Work request> Return the lines below exactly, please, from the one containing "NUR-285 Exam 2" through the last one, both included, and leave out any pictures.

Data extract>
┏━━

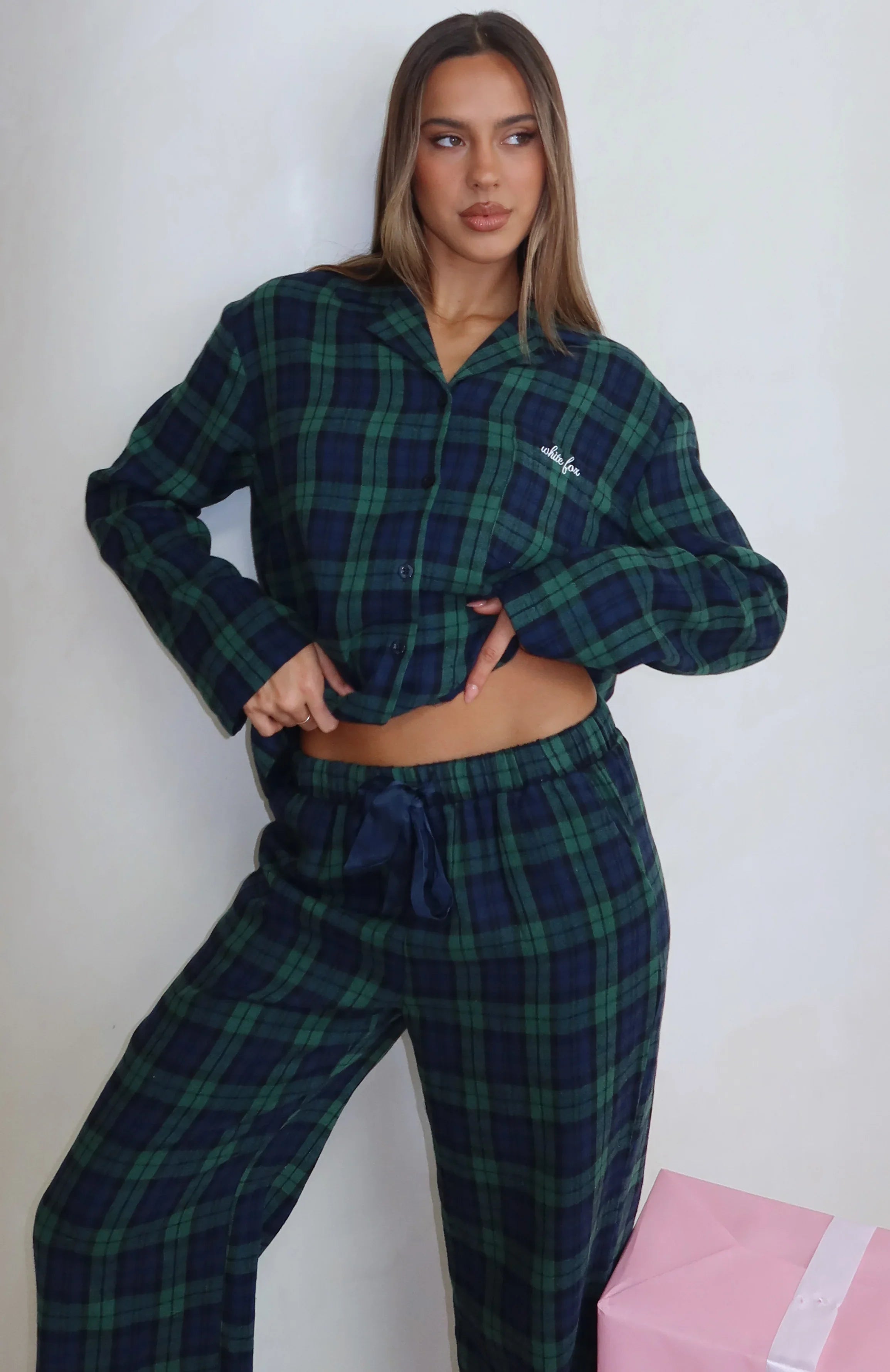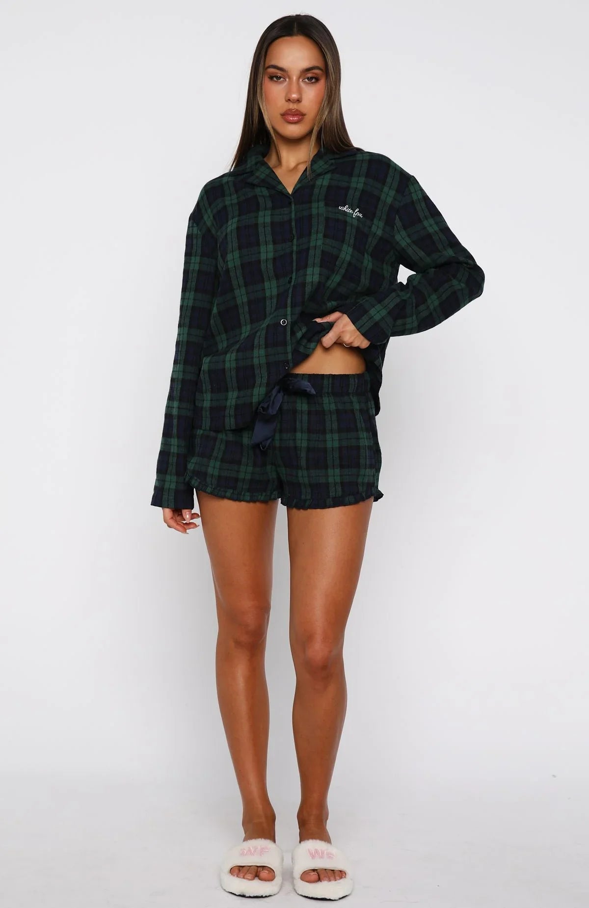 Santa, I’ve been nice! The That Time Of Year Long Sleeve Pyjama Top Green/Navy features a collared neckline, slouched shoulders, long sleeves, and a relaxed silhouette. It has a functional button front, a side pocket detailed with embroidered White Fox text, and is unlined for ultimate comfort. Pair with That Time Of Year Pyjama Pants Green/Navy or That Time Of Year Pyjama Shorts Green/Navy.
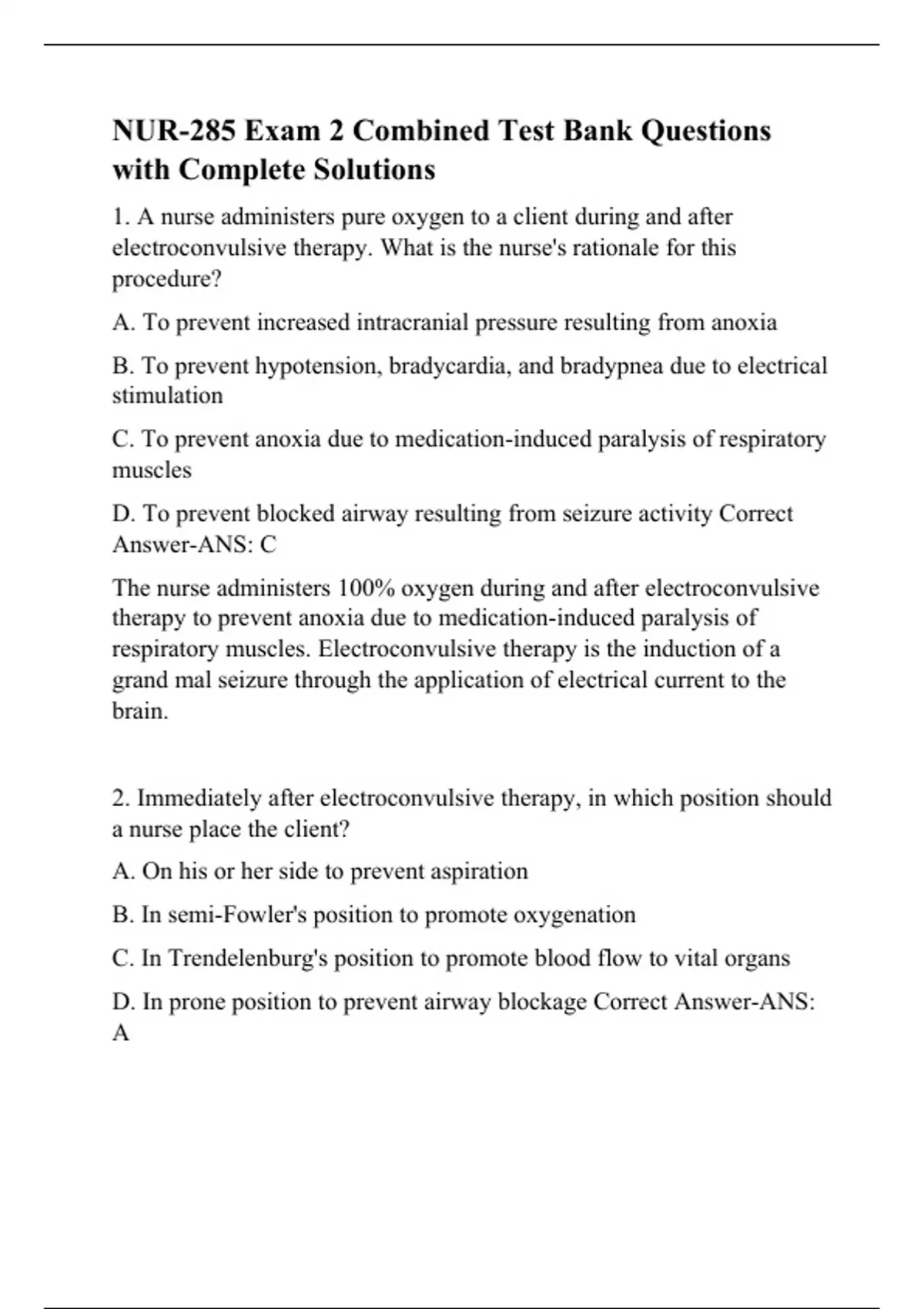 NUR-285 Exam 2 Combined Test Bank Questions with Complete Solutions
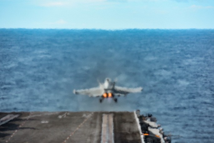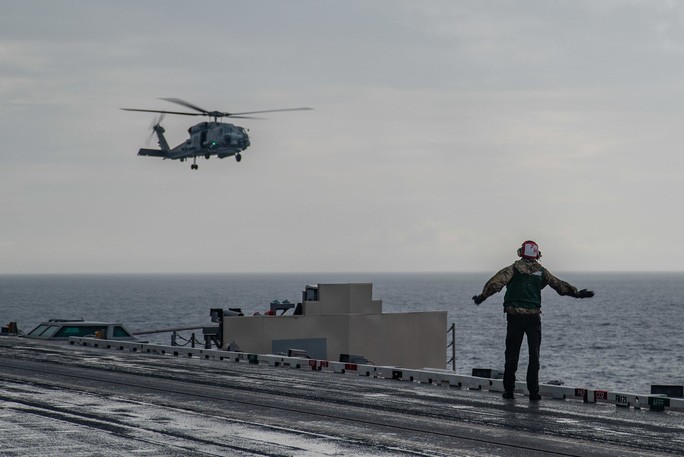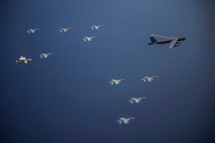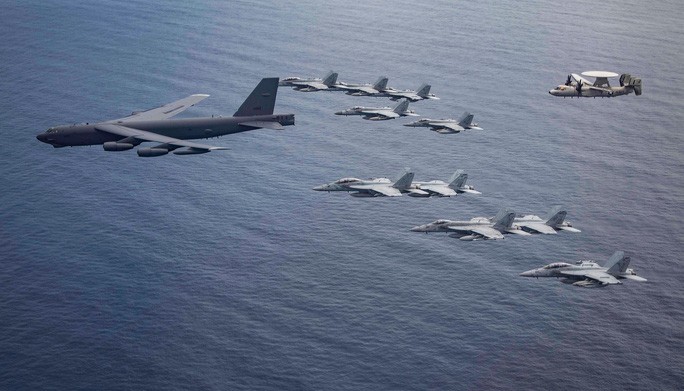 Ngoài ra, trong thông điệp cảnh báo khác gửi đến Trung Quốc, một chiếc máy bay ném bom B-52 Stratofortress vừa có chuyến bay 28 giờ từ căn cứ không quân Barksdale, bang Louisiana - Mỹ để tham gia tập trận với các máy bay từ hai tàu sân bay USS Ronald Reagan và USS Nimitz ở biển Đông.

┗━━

Solved exercise>
 NUR-285 Exam 2 Combined Test Bank Questions with Complete Solutions
 Ngoài ra, trong thông điệp cảnh báo khác gửi đến Trung Quốc, một chiếc máy bay ném bom B-52 Stratofortress vừa có chuyến bay 28 giờ từ căn cứ không quân Barksdale, bang Louisiana - Mỹ để tham gia tập trận với các máy bay từ hai tàu sân bay USS Ronald Reagan và USS Nimitz ở biển Đông.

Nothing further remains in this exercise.